No one will ever argue that the Pzkw (for panzerkampfwagen, armored fighting vehicle) Mark III was the best tank of the war. In speed, armor, and firepower, the Mark III was middling at best. But while never the best in any of these ratings, it was good enough at all of them, a jack-of-all-trades with no obvious weaknesses. The Mark III also had one real advantage: a three-man turret that let the loader and gunner do their things while the commander concentrated on the overall tactical situation, a feature soon to become standard in international tank design. Finally, like the Wehrmacht itself, it was flexible enough to change and capable of almost infinite variation. It began the war with a 37mm main gun, received the 50mm gun in 1941, and then, in its final incarnation (the Model N), a 75mm. Even after production ended in 1943, its chassis continued to serve as the hull for the ubiquitous German turretless assault gun, the StuG III.
Its Big Moment: Gazala
Give well-trained crews and a solid commander even a mediocre weapon and watch the sparks fly. In May 1942 General Erwin Rommel’s Panzerarmee Afrika launched a great offensive against the British Eighth Army in its fortified position at Gazala, west of Tobruk. Moving a gigantic armored force—including his entire complement of panzers, mostly Mark IIIs—into the deep desert overnight, he drove into the British flank and rear just as the sun was coming up. At first, British soldiers thought they were seeing a sandstorm on the horizon, but the situation clarified with awful suddenness. “It was,” a British soldier later wrote, “the whole of Rommel’s command in full cry straight for us.” It was the signal moment of Rommel’s career and the apotheosis of a tank that rarely gets the kudos it deserves.
T-34: The Champ
The T-34 was the finest tank of World War II. An amalgam of American inspiration (in the form of the Christie tank design) and the Soviet penchant for innovative military thinking, the T-34 had it all: nice wide treads for maneuver over mud, snow, and Russia’s primitive roads; the best tank gun in the world at the time (the 76.2mm); canted armor for increased protection; and perhaps above all, mechanical reliability. Its appearance in 1941 came as a major shock to the Germans and inflicted crippling losses on them all the way from the border to Moscow. Indeed, more than any other weapon, the T-34 was responsible for the survival of the Soviet Union in that terrible first campaigning season.

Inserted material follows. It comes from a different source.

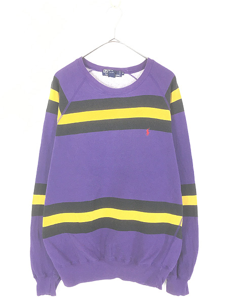 古着 90s Polo Ralph Lauren パープル×ブラック×イエロー ボーダー スウェット トレーナー M

When the tides shifted and the Red Army transitioned over to the offensive, the T-34 came into its own. All the great moments of the 1942 campaign—Stalingrad, the counterblows in the Caucasus, the helter-skelter lunge from the Volga to the Don to the Dnieper in one seamless campaign—featured the T-34. Finally, even when the state of the art had passed the T-34 by, the Soviets simply stuck a bigger gun in it, the 85mm. The T-34/85 would be in the thick of it for the rest of the war, fighting all the way into Berlin.
Its Big Moment: Kalach
The massive Soviet offensive of November 1942 was barely three days old when it happened. German garrison troops far behind the line holding the Don Bridge at Kalach had heard their share of bad news in the previous 48 hours: The front north and south of Stalingrad had ruptured, their Romanian allies were shattered, Soviet tank armies were pouring into the gaps. But all of that was happening very far away. Kalach was well behind the front. The slow pace of rear-area duty had quickened in the past few days. Supply trains, ammunition shipments, staff officers—the usual thing. And troops scurrying hither and yon, along with some tanks. Reinforcements for the front? the men had asked one another. But wait—they weren’t heading out—they were coming into town. A general retreat? A wrong turn? Wait a minute….They aren’t ours!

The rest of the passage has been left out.